RVOL (Relative Volume)
A ratio comparing current trading volume to the average volume over a lookback period (typically 15 days). An RVOL of 2.0 means the stock is trading at twice its normal volume. Higher RVOL signals unusual trader interest and stronger momentum. Pre-market RVOL uses a /13 normalization factor because pre-market sessions are roughly 1/13th the length of the regular trading day.
Slippage
The difference between the expected price of a trade and the actual execution price. Slippage typically occurs during periods of high volatility or low liquidity. Stocks with wide spreads or low volume are more prone to slippage. MorningEdge minimizes slippage by filtering for stocks with spreads under 0.8% and using a two-phase limit-then-market exit strategy.
Spread
The difference between the highest price a buyer will pay (bid) and the lowest price a seller will accept (ask) for a stock. A tight spread (< 0.8%) indicates good liquidity and means you can enter and exit positions with minimal slippage.
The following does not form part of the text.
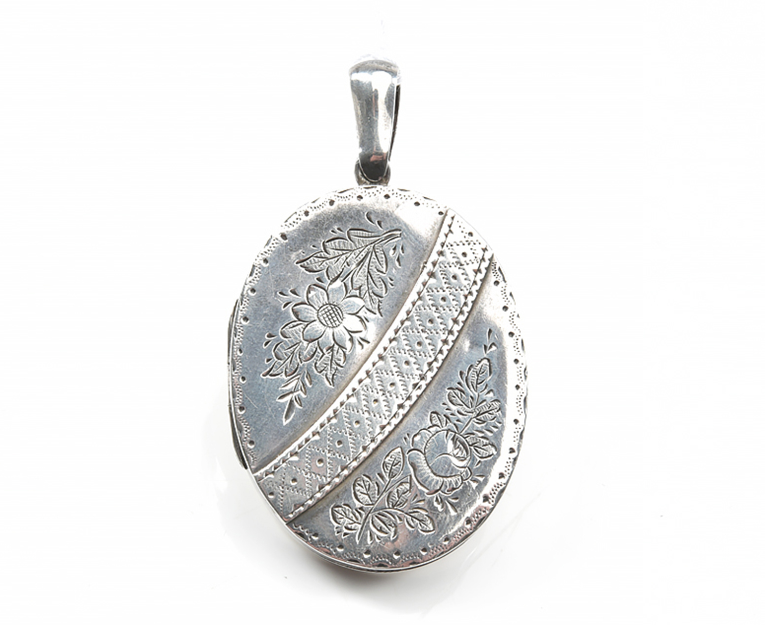 A VICTORIAN OVAL LOCKET, ENGRAVED WITH FLORAL DECORATION, IN STERLING SILVER, HALLMARKED BIRMINGHAM, 1887, 40X30MM

Wide spreads are a red flag — they make it expensive to trade and can eat into profits.
Stop-Loss
A predetermined price level at which a trader will exit a losing position to limit losses. For example, a 2.5% trailing stop-loss means if the stock drops 2.5% from its highest point after entry, the position is automatically sold. Stop-losses are essential risk management — they prevent a small loss from becoming a catastrophic one.
Theme Deduplication
A risk management technique that limits exposure to correlated assets. If five crypto-related stocks are all gapping up because Bitcoin surged, buying all five creates concentrated risk — they will all drop together if Bitcoin reverses. MorningEdge enforces a one-ticker-per-theme rule: only the strongest name from each sector or theme group makes the final top 5.
Ticker
The abbreviated symbol used to identify a publicly traded stock on an exchange. For example, AAPL is the ticker for Apple Inc. and NFLX is Netflix. Traders use tickers as shorthand when discussing positions, scanning markets, and placing orders.
VWAP (Volume Weighted Average Price)
The average price of a stock weighted by the volume traded at each price level throughout the day. VWAP acts as a key support/resistance level for day traders — stocks trading above VWAP are considered bullish, below VWAP is bearish. Many institutional algorithms use VWAP as a benchmark for order execution.